Болезнь Альцгеймера является одной из основных причин развития старческого слабоумия [26]. Это заболевание, основополагающими маркерами которого являются формирующиеся в ткани мозга бляшки из пептида бета-амилоида и нейрофибриллярные тяжи [21,27-29], приводит к гибели нескольких типов клеток нервного ряда во многих регионах мозга [29-31], в особенности холинэргических нейронов [23]. Открытый в 1987 году ген белка-предшественника амилоида расположен на 21-й хромосоме и кодирует трансмембранный белок I типа [32].

Бляшки из бета-амилоида формируются в результате разрезания белка-предшественника амилоида, осуществляемое ферментами гамма- и бета-секретазами между определенными аминокислотами [33]. Нейрофибриллярные тяжи состоят из гиперфосфорилированных тау-белков [34]. Формирование этих структур приводит к повреждению нейронов и, соответственно, к ухудшению познавательной функции и потере памяти [29]. Однако исследователям до сих пор не удалось расшифровать непосредственные механизмы патогенеза болезни Альцгеймера [35].

Существующие в настоящее время препараты для лечения болезни Альцгеймера, такие как ингибиторы холинэстеразы [33,37], позволяют только купировать симптомы заболевания [36]. После высвобождения нейротрансмиттера ацетилхолина из синапса ингибиторы холинэстеразы замедляют его деградацию, что благотворно сказывается на познавательной функции [33]. Однако препараты этого типа оказывают только умеренный эффект, выраженность которого может варьировать для разных пациентов [38].

Активным веществом еще одного типа доступных препаратов для лечения болезни Альцгеймера является антагонист рецепторов N-метил-d-аспартата – мемантин [33]. Он предотвращает чрезмерную стимуляцию рецепторов N-метил-d-аспартата, которая может обладать токсичным эффектом [33]. Учитывая то, что современные методы лечения оказывают слабые эффекты, выраженность которых у разных пациентов варьирует в значительных пределах, существует острая необходимость в новых терапевтических подходах.

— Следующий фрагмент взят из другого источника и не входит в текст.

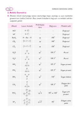geometrisini (şeklini) belirler. Bazı önemli bileşiklerin bağ açısı ve molekül şekilleri

Согласно статистическим прогнозам, к 2029 году в США ежегодно будет диагностироваться 615 000, а к 2050 году – 959 000 новых случаев болезни Альцгеймера [26]. Такой рост заболеваемости увеличит нагрузку на систему здравоохранения [26].

Недавно Blurton-Jones et al. [29] опубликовали результаты исследования, в рамках которого они вводили нервные стволовые клетки в гиппокампы трансгенных мышей с моделью болезни Альцгеймера и обычных животных того же возраста. Интересен тот факт, что процедура улучшила познавательную функцию мышей, не оказав никакого влияния на имеющиеся бета-амилоидные бляшки и нейрофибриллярные тяжи [29]. Вместо этого исследователи идентифицировали в мозге животных повышение уровня нейротрофического фактора мозга, играющего важную роль в формировании новых нейронов и синапсов [39], что способствовало улучшению познавательной функции за счет увеличения плотности синапсов [29]. Это демонстрирует возможность улучшения познавательной функции без вмешательства в существующие патологические проявления [29].

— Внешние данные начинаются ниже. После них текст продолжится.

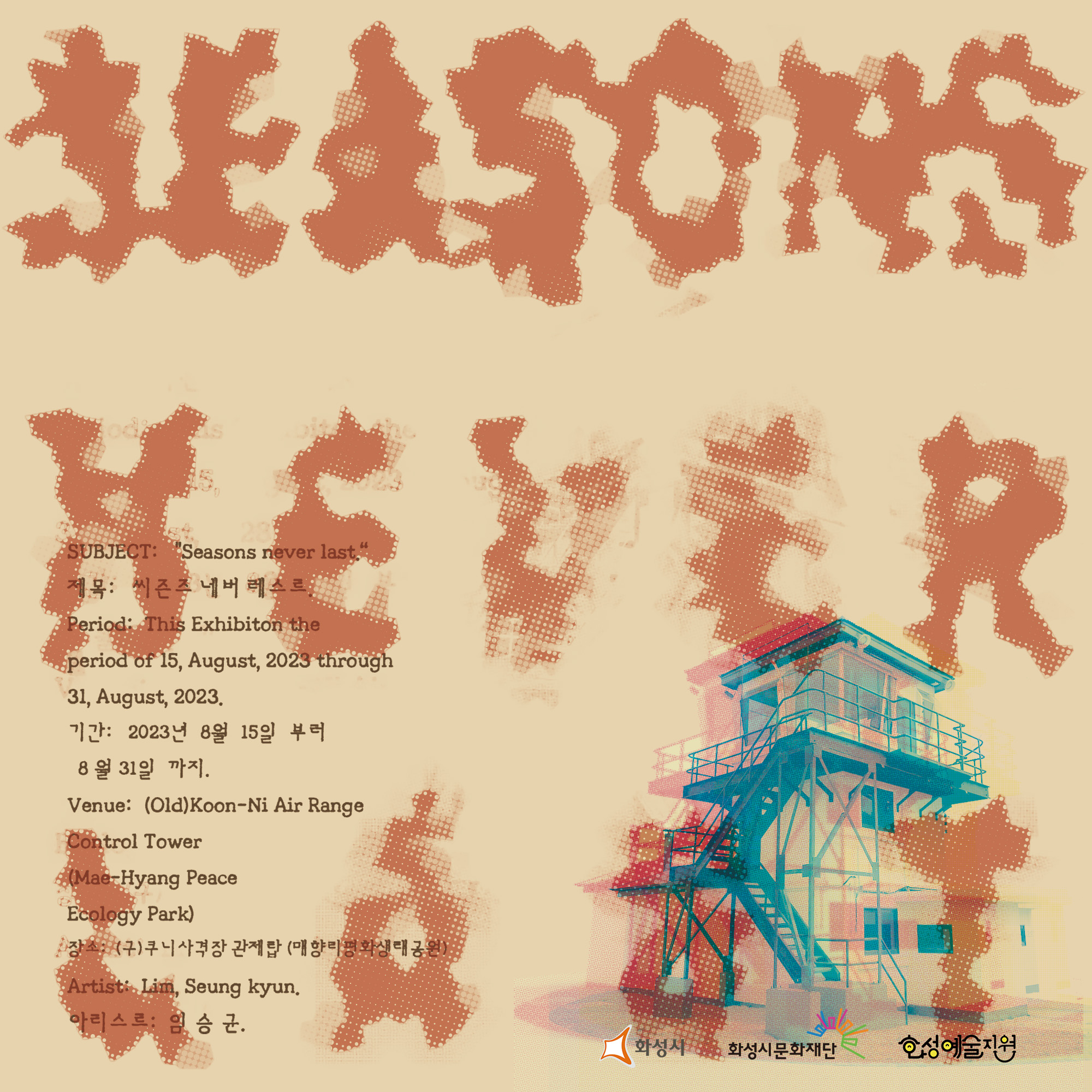 1. [화성예술지원] 임승균 <Seasons never last 展>,장소:,기간:2023년 8월 15일~2023년 8월 31일

Несмотря на то, что физиологическая функция белка-предшественника амилоида неясна, недавно опубликованные данные указывают на то, что он может играть важную роль в регулировании биологических функций стволовых клеток или взрослом нейрогенезе [40]. Авторы установили, что белок-предшественник амилоида повышает уровни хемокинов, что оказывает влияние на миграцию клеток [41]. Также было показано, что повышение уровня белка-предшественника амилоида запускает дифференцировку человеческих нервных стволовых клеток в клетки глии как in vitro, так и in vivo. Это может затруднить процесс регенерации нейронов путем стимуляции деления нервных стволовых клеток на фоне высокой концентрации белка-предшественника амилоида. Более того, высокие уровни белка-предшественника амилоида, выявляемые у пациентов с синдромом Дауна, у которых в течение жизни развивается болезнь Альцгеймера, могут истощать эндогенные популяции нервных стволовых клеток за счет их повышенной преждевременной дифференцировки в глиальные клетки [42]. Данную функцию белка-предшественника амилоида, по-видимому, следует учитывать при разработке методов терапии нейродегенеративных заболеваний при повышенных концентрациях этого белка в мозге пациентов. Повышенные уровни белка-предшественника амилоида в мозге не только уменьшают численность популяции нервных стволовых клеток, что может повышать риск развития болезни Альцгеймера, но и стимулируют глиальную дифференцировку трансплантированных стволовых клеток, снижая эффективность терапии, направленной на улучшение познавательной функции [42,43]. Таким образом, в определенных случаях перед трансплантацией стволовых клеток целесообразно снижать уровень белка-предшественника амилоида в мозге. Это подтверждают результаты экспериментов по трансплантации нервных стволовых клеток трансгенным мышам с повышенной экспрессией этого белка в мозге, концентрацию которого снижали с помощью фенсерина [34]. Нервные стволовые клетки также могут оказывать положительное влияние за счет повышения концентрации факторов роста. На трансгенной модели болезни Альцгеймера было показано улучшение познавательной функции за счет высвобождения нейротрофического фактора мозга после трансплантации нервных стволовых клеток [29]. Способность этих клеток экспрессировать нейротрофический фактор мозга и стимулировать рост аксонов продемонстрирована также на модели повреждений спинного мозга [44].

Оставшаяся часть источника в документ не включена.